### DATA FOR THE TASK
________________
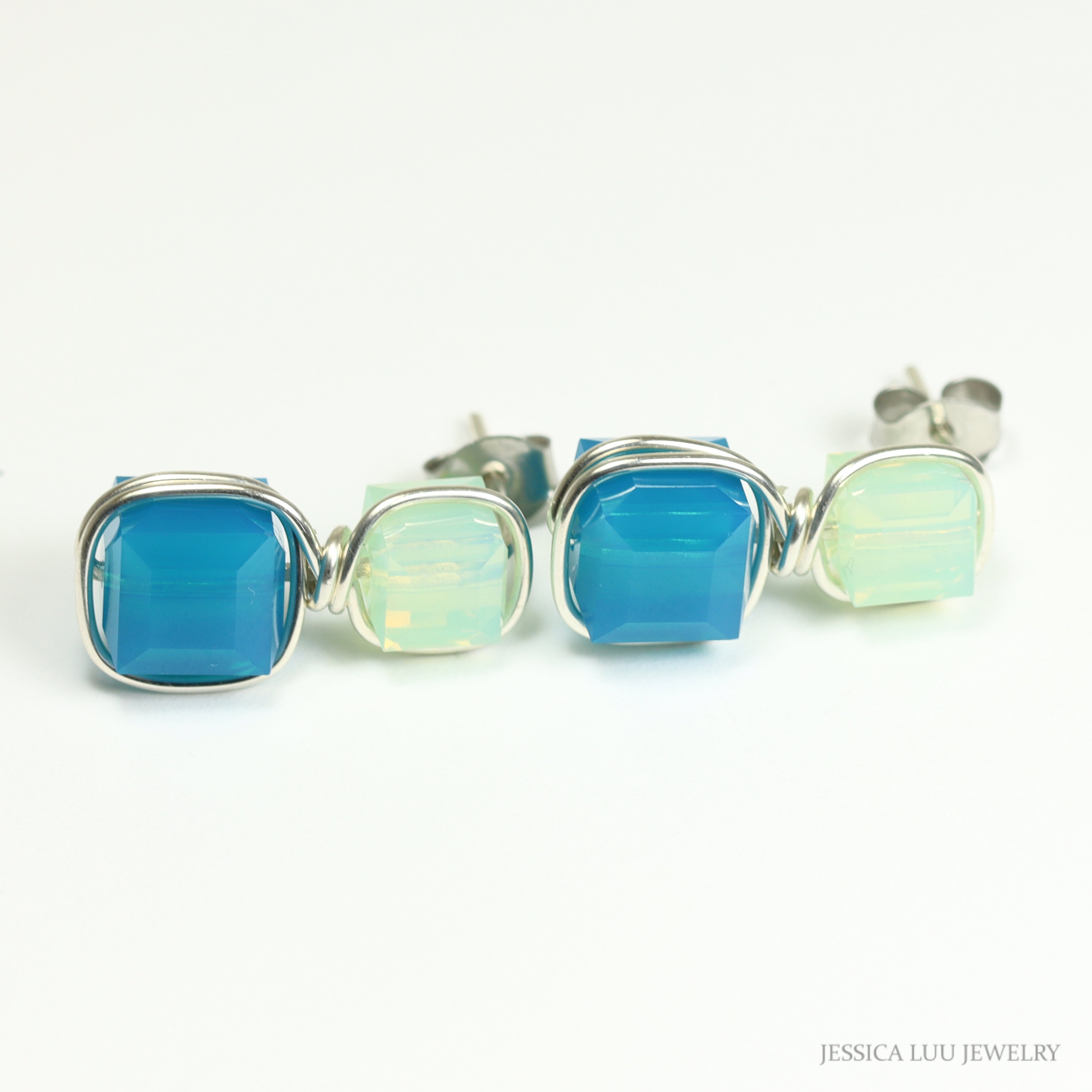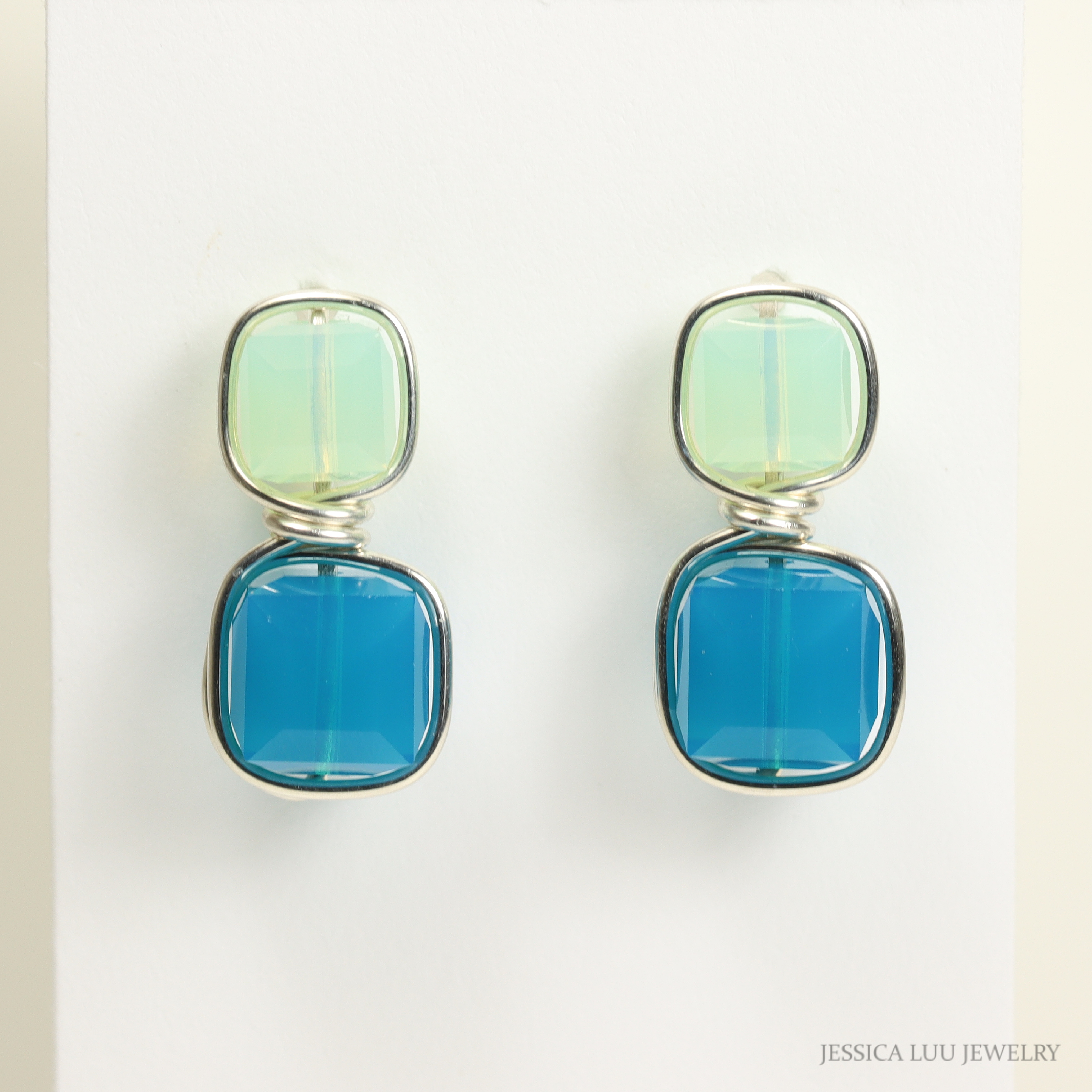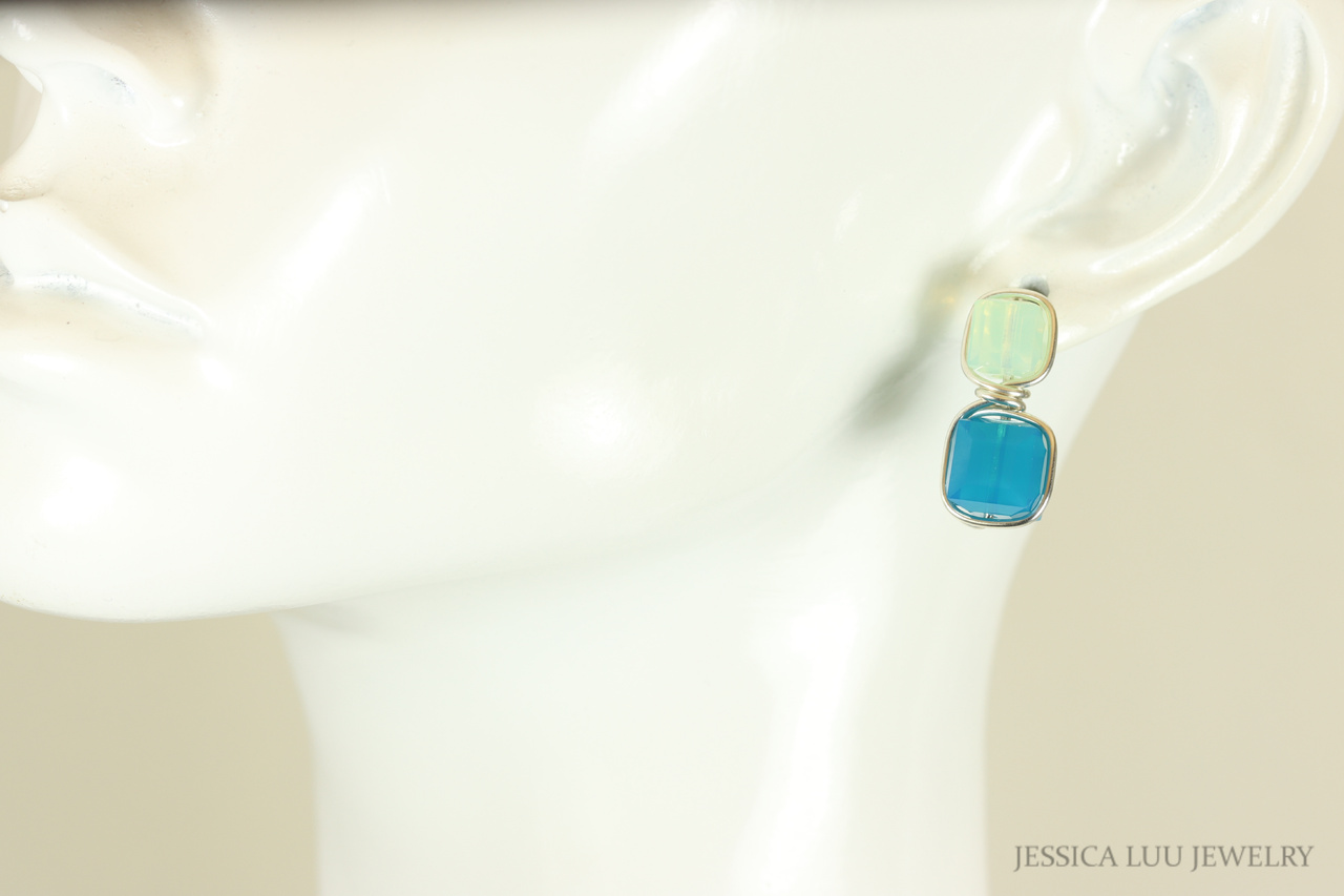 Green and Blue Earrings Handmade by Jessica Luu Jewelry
________________
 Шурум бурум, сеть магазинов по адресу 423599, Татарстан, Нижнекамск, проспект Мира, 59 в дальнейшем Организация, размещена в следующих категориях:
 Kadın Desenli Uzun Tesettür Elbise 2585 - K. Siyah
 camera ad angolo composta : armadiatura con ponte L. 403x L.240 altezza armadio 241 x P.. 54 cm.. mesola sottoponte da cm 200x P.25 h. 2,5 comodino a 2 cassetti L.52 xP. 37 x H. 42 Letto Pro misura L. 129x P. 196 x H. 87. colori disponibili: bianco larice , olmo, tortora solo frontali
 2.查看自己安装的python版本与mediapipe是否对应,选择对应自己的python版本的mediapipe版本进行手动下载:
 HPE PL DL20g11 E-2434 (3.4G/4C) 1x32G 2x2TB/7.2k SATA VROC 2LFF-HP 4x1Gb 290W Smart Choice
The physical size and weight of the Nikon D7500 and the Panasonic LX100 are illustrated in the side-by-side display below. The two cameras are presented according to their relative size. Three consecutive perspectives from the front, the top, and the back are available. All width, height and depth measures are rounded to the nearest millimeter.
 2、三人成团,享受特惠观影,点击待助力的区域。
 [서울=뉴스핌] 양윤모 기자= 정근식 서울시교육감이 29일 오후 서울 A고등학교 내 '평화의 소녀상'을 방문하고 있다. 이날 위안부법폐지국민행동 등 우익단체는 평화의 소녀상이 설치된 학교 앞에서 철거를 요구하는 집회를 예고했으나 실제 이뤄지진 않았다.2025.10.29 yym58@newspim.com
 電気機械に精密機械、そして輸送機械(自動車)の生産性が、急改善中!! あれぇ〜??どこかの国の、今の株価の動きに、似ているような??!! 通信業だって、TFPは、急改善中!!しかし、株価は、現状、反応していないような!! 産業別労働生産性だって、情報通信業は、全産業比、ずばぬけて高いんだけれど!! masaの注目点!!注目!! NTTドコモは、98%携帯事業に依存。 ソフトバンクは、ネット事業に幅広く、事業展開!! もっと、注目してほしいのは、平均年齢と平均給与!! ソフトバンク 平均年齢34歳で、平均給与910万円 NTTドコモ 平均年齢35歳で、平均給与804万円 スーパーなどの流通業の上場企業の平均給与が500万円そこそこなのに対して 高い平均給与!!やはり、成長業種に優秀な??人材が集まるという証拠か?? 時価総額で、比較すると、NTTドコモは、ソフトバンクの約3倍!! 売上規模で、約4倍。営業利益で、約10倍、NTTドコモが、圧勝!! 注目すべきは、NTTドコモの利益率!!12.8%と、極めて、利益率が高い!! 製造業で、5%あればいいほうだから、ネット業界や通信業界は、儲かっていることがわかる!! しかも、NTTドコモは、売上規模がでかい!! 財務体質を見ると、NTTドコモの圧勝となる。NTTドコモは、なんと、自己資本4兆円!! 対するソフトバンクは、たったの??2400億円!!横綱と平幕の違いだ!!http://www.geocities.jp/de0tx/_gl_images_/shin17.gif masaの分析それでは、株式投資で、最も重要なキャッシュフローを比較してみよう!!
________________
### WORK ORDER
Going back over the entries above, copy word for word every line from the one that has "HPE PL DL20g11" on through the one that has "[서울=뉴스핌] 양윤모 기자= 정근식".

### TASK RESPONSE
 HPE PL DL20g11 E-2434 (3.4G/4C) 1x32G 2x2TB/7.2k SATA VROC 2LFF-HP 4x1Gb 290W Smart Choice
The physical size and weight of the Nikon D7500 and the Panasonic LX100 are illustrated in the side-by-side display below. The two cameras are presented according to their relative size. Three consecutive perspectives from the front, the top, and the back are available. All width, height and depth measures are rounded to the nearest millimeter.
 2、三人成团,享受特惠观影,点击待助力的区域。
 [서울=뉴스핌] 양윤모 기자= 정근식 서울시교육감이 29일 오후 서울 A고등학교 내 '평화의 소녀상'을 방문하고 있다. 이날 위안부법폐지국민행동 등 우익단체는 평화의 소녀상이 설치된 학교 앞에서 철거를 요구하는 집회를 예고했으나 실제 이뤄지진 않았다.2025.10.29 yym58@newspim.com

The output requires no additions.